In the film Memento (2000), the protagonist Leonard (Guy Pearce) is a former insurance investigator who suffers from a form of amnesia that causes him to forget new events every ten minutes, while retaining memories of the past. Due to the traumatic incident of his wife being raped and murdered, Leonard cannot sustain new memories for more than ten minutes. The last things he remembers are his name, Leonard Shelby, that his wife was raped and murdered, and that the perpetrator is named John G. Any new information he acquires disappears shortly thereafter. To overcome his short-term memory loss, Leonard writes down what he needs to do and even tattoos important information on his body. He takes Polaroid photos of the people he meets and records the details of their encounters to remember them.

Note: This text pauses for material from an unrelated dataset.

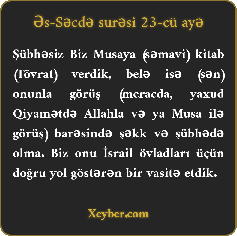 Şübhəsiz Biz Musaya (səmavi) kitab (Tövrat) verdik, belə isə (sən) onunla görüş (meracda, yaxud Qiyamətdə Allahla və ya Musa ilə görüş) barəsində şəkk və şübhədə olma. Biz onu İsrail övladları üçün doğru yol göstərən bir vasitə etdik.

Leonard’s inability to retain new memories is due to a problem with his hippocampus. Damage to the hippocampus in our brain can lead to amnesia. There are two main types of amnesia: retrograde amnesia, where past memories are lost, and anterograde amnesia, where new information is not retained for more than ten minutes. Leonard suffers from anterograde amnesia.
Our long-term memory capacity is vast, capable of storing information equivalent to 20 million books. However, our short-term memory capacity is severely limited. In fact, many problems stem from the limitations of human short-term memory. Computers have RAM (Random Access Memory) to temporarily store necessary information for processing tasks. To perform tasks, computers need information available in RAM. No matter how advanced the computer, it can only work with the data present in RAM. If there are many tasks to perform, they must be divided into smaller parts. Although computers have large hard disks for long-term storage, the actual working data is only what is loaded into RAM. Our human short-term memory functions similarly to a computer’s RAM.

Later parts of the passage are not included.